Mais tout cela à plusieurs limites :
L’article évoque la question de la consommation, c’est un fait. Le capitalisme peut connaître une crise de surproduction. Jusqu’ici, le capitalisme a connu plusieurs crises sévères de surproduction, notamment celle de 1929. Il s’en est sorti sur la période récente parce que, autour des pays capitalistes développés, il existait une grande masse de population encore non urbanisée, à faible niveau de consommation et à forte croissance démographique. C’est le ressort de la mondialisation des années 1980 – 2010. Donc, les consommateurs des pays développaient ont perdu en pouvoir d’achat, mais d’autres, en plus grand nombre, les ont remplacés. Cette source se tarit progressivement, mais elle continue à exister encore un peu.
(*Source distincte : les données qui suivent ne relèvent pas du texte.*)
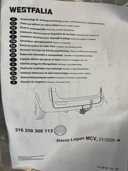KUKA ZA AUTO WESTFALIA DACIA LOGAN MCV 01/2008.- 316259600001 NOVA

La concentration de la richesse et la paupérisation des classes moyennes portent peu à peu les contradictions sociales à un niveau incandescent. C’est vrai à l’intérieur des pays capitalistes en général, mais c’est vrai aussi dans les rapports mondiaux entre le bloc impérialiste et l’ensemble des autres pays, qui aspirent désormais à une gouvernance et une répartition de la richesse basée sur la réalité des forces productives, actuellement plus au « sud » ou à « l’est », qu’au « nord » ou à « l’ouest ». C’est la cause profonde des guerres actuelles, qui opposent partout le bloc impérialiste et ses intérêts dominants à des pays qui n’en font pas partie et défendent leur souveraineté, la possibilité de leur développement autonome. Nous avons besoin d’une transition politique mondiale, d’une reprise du pouvoir par les producteurs, tant dans les rapports internationaux (que nous appelons le monde multipolaire) que dans les rapports sociaux au sein des nations (que nous appelons le socialisme).
Cette révolution des rapports sociaux permettra de remettre la technologie dans le bon sens : au service de l’émancipation, du développement, de la culture, de la civilisation et d’une nouvelle harmonie entre la civilisation humaine et la nature, entre les peuples et les nations, entre le travail et la vie.